Walsh scored a power-play goal in the second period that, at the time, tied the game up at 2-2 and resuscitated Cornell after an almost lifeless second period. At one point in the middle period, Princeton had a 10-1 lead in shots on goal and was dominating faceoffs at a similar rate.

But that power play exhibited what Cornell can be when it establishes the zone and is at its best. On Friday night, zone time was hard to come by, and 5-on-5 play was controlled by the Tigers.

“The problem is, we never had sustained offensive zone time,” Jones said. “They did a good job, but we weren’t connected tonight. We didn’t have three guys near pucks. If one guy was going hard, two guys were watching.”

On a typical night, the Red will play with speed and relentless energy — “youthful” energy, as Jones called it. It is a philosophy that brings Cornell success. But Princeton — complete with nine seniors, seven juniors and a coach they are willing to run through a brick wall for — had an answer for just about everything.

Especially Cornell’s push. Because despite all of the Big Red’s struggles, they were only down by a single score when Jones elected to pull goaltender Alexis Cournoyer with 1:34 remaining, and they didn’t go down without a fight.

But Princeton blocked shots. Lots of them, two in the final minutes, seven in the third period and 11 in the game in all.

“They had urgency. We lacked it,” Jones said. “I told the guys (that) I thought we lacked it last Friday. I don’t know if tonight was nerves or what, but I’ll take ownership for that. We didn’t look ready to play. We chased the game a little bit.”

Last Friday’s result was a 3-1 loss to archrival Harvard in the first game of the ECAC quarterfinals.

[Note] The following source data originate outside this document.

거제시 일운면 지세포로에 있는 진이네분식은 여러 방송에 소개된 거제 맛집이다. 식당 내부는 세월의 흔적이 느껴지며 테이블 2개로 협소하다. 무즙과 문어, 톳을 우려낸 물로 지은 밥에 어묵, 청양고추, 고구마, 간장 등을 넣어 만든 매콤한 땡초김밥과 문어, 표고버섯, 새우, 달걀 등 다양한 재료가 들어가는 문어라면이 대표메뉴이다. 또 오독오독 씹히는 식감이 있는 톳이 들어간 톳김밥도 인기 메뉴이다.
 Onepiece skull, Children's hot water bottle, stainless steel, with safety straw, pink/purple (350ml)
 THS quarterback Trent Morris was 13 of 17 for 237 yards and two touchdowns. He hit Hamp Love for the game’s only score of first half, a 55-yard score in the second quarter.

Cornell survived that scare and compiled a pair of wins to punch its ticket to Lake Placid, but it is now the second time in a week that Cornell has looked, frankly, rattled.

The game was no fluke on Princeton’s part — the Tigers are a well-oiled machine, anchored by veteran leadership and a Coach of the Year finalist in Ben Syer. Syer, of course, spent over a decade in Ithaca as an associate coach under Mike Schafer. Syer knows how to win, he knows how to prepare and he certainly knows Cornell hockey.

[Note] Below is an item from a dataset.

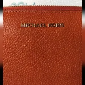 Fall is in the air with this pumpkin spice burnt orange Michael Michael Kors Large Jet Set Wristlet. Perfect for the Fall festival, Halloween, crispy weather vibe. Complete with a convenient wristlet strap, the Jet Set continental wallet keeps your essentials within reach. This crossgrain leather piece showcases an elongated shape with pale gold-tone accents and a zip closure. Perfect for holding smart phones and all the necessities.

“Cornell is a tremendous team,” Syer said. “They’re deep, they’re good, there’s a reason why they’re going to the Tournament. And I just thought our guys were really resilient here tonight in battle from start to finish. And it wasn’t always pretty, but a lot of key blocked shots and guys playing for each other at the end.”

Things just didn’t seem to be working in Cornell’s favor, even in metrics they typically dominate. Cornell had a slight 32-31 edge in faceoff wins, but that only came to be after a third period in which it won 14 of 21. The Big Red struggled to get pucks on net, mustering 23 in comparison to Princeton’s 24. According to Walsh postgame, the team’s shot goal was 35.

“We got nowhere close to it,” he lamented.

For Cornell, its season is not over. The Big Red had an NCAA Tournament bid locked up heading into the weekend, though they will now agonize over where the Committee might put them as a No. 3 seed.

There is much to contemplate, particularly how the group can rally back to the identity that has brought it so much success.

“We have another life, so we’re fortunate,” Jones said. “But we’ll have to find that urgency and the way we need to play [in order] to play Cornell hockey.”